Given information —
- - - -

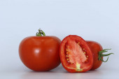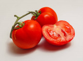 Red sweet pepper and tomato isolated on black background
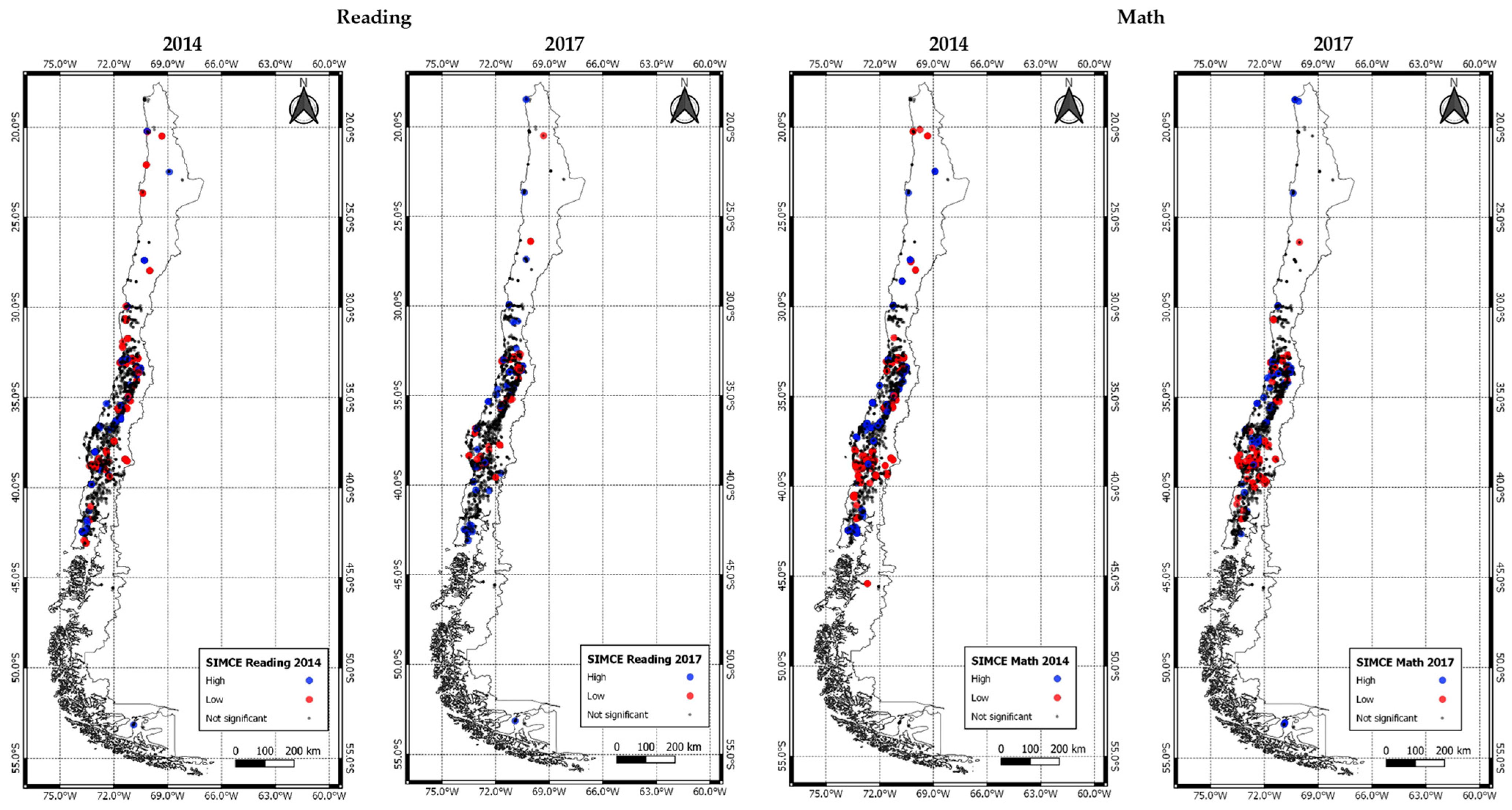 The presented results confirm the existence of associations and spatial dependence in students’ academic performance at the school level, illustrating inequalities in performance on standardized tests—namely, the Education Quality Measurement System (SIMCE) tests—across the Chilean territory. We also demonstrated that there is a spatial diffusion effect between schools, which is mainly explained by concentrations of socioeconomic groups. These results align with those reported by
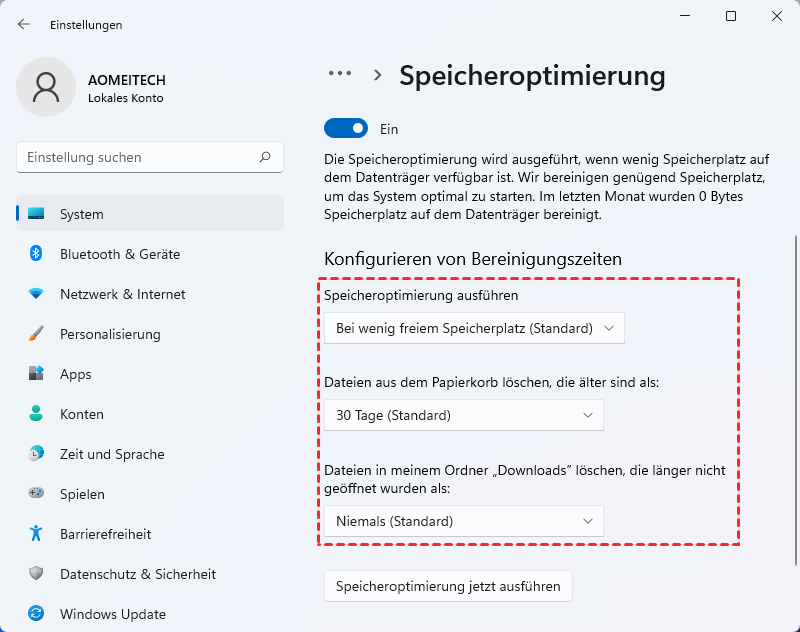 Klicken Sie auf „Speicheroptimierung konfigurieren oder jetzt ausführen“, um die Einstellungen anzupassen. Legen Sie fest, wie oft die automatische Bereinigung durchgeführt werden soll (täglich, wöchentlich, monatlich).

- - - -

Print the listing exactly, but skip its pictures.

Written response —
 Red sweet pepper and tomato isolated on black background
 The presented results confirm the existence of associations and spatial dependence in students’ academic performance at the school level, illustrating inequalities in performance on standardized tests—namely, the Education Quality Measurement System (SIMCE) tests—across the Chilean territory. We also demonstrated that there is a spatial diffusion effect between schools, which is mainly explained by concentrations of socioeconomic groups. These results align with those reported by
 Klicken Sie auf „Speicheroptimierung konfigurieren oder jetzt ausführen“, um die Einstellungen anzupassen. Legen Sie fest, wie oft die automatische Bereinigung durchgeführt werden soll (täglich, wöchentlich, monatlich).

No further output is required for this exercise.